Treatment of the samples
Sera were obtained and centrifuged for 10 minutes at 3500 rpm. Concentrations of FSH, LH and E2 were analyzed using commercially available immunoradiometric kits (Boehringer, Mannheim, Germany) and analyzed on the Elecsys immunoassay analyzer (Roche Molecular Biochemicals, Mannheim, Germany).
AMH was assayed using an ultrasensitive ELISA (AMH/MIS Active Coated Well ELISA, DSL-10-14400, Diagnostic System Laboratories, DSL, Texas, USA). The assay range was 0.025–15 ng/mL, and the functional sensitivity 0.017 ng/mL. Intra-assay and interassay coefficients of variance were 3.4% and 6.5%, respectively (conversion factor to pmol/L = ng/mL × 7.143). The manufacturer’s protocol was followed in all cases.

Ultrasound scans
The ultrasound scans were performed via transvaginal probe by the same investigator.

Medication
Ethinyl-Estradiol 25µg capsules: were prepared in a local pharmacy.
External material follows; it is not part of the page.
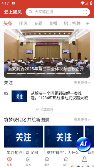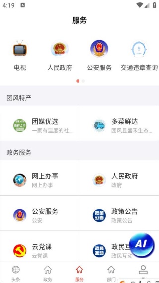 云上团风app是湖北长江云新媒体集团给团风县乡亲们做的移动政务软件。它集合了团风县各类新闻资讯、政务消息以及生活服务功能。能让大家轻松知晓本地服务,随时掌握民情动态。有超多新闻头条,还能发布政府民生信息,方便大家发声。软件操作简便,还有文化生活、电视、报料、云市场等生活服务,快来体验吧。
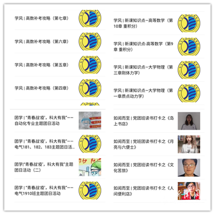 电气与控制工程学院易班工作站利用易班社区互动平台开展“如阅而至”党团班读书打卡活动、“补考攻略”复习打卡活动、“新课知识点”学习打卡活动、“青春战‘疫’,科大有我”主题团日活动风采展等,引导学生充分利用假期进行学习,补充精神之“钙”。

GnRH analogues injections: Gonapeptyl DAILY 0,1mg and Gonapeptyl DEPOT 3,75mg (Ferring). Clomifen citrate pills: Omifin 50mg (Sanofi-Aventis). COCP: Yasmin (Bayer). Estradiol valerate pills: Primogyn 2mg (Bayer). Micronized Progesterone capsules: Geslutin 200mg (Asofarma).

Material
Kitazato Single Lumen needle 18G, order number 328350, Kitazato embryo transfer catheter order number 223340. KryoTech Vitrification Kit.

RESULTS
Based on our observation, we could describe four different stages of ovarian insufficiency. We called them “compensated stage”, “stage of desynchronized menstrual cycle”, “stage of pathologic premature LH rise” and “stage of suppressed follicle growth.” We were able to perform oocyte retrievals and embryo transfers in all 10 patients. A total of 33 natural cycles were initiated. Premature ovulation occurred in 3 cycles (9.0%) and no retrieval was attempted. Among the attempted 30 oocyte retrievals, 21 (70.0%) were successful. Out of those 21 oocytes 11 (36.6% per retrieval) were mature and 10 (33.3% per retrieval) were immature. ICSI resulted in 8 fertilizations (72.7% per mature oocyte). Out of 8 transfers, 3 (37.5%) resulted in biochemical pregnancy. Two patients delivered (25.0%), one patient had a miscarriage at 8 weeks of pregnancy.

DISCUSSION
We were able to classify four different stages of ovarian insufficiency: We called the first stage “compensated stage.” In this stage the endocrine compensation mechanisms are still working and the women still have long and regular cycles of 26-33 days. Nevertheless, in some cycles the early follicular phase FSH can be elevated and the anti-mullerian Hormone (AMH) or the antral follicle count (AFC) can be low. But as long as the menstrual cycle stays long and regular, the low ovarian reserve probably does not reduce the fertility and in most of the cases there is another explanation for the infertility of the couple seeking for treatment. These patients should be treated the same way as patients with a normal ovarian reserve.
The second stage of ovarian insufficiency we called “stage of desynchronized menstrual cycle.” Probably due to a lower number of antral follicles in the ovaries, serum inhibin levels and other inhibiting hormones fall under a certain limit and as a consequence, basal FSH levels rise (Welt et al., 2005). Without the stabilizing effect of these hormones, the oestrogen and progesterone producing corpus luteum is not strong enough to completely block FSH production in the second half of the cycle. Due to these higher basal FSH levels in the luteal phase, follicular development starts too early, already in the middle of the luteal phase. On the onset of menses, a dominant follicle has already been recruited, which, under normal circumstances, would only happen on day six of menstrual cycle. Because of the early follicular recruitment during the luteal phase of the previous cycle, ovulation will occur earlier, and the whole cycle becomes shorter. But a shorter follicular phase may have negative effects on endometrium maturation and implantation of the embryo. Often in patients with short menstrual cycles less than 26 days, a present dominant follicle of 12 – 14 mm or more can be detected in vaginal ultrasound at the beginning of the cycle. These patients often have a normal early follicular FSH, but high early follicular estradiol levels over 60 pg/mL. In order to resynchronize the cycle again, we treated the patient with COCP for at least ten days during the luteal phase, for example from day 16 to day 26 of menstrual cycle. The additional effect of COCP together with the hormones produced by the corpus luteum suppresses FSH and avoids follicle formation during the luteal phase. After discontinuation of COCP, the withdrawal bleeding marks the beginning of the new, resynchronized cycle.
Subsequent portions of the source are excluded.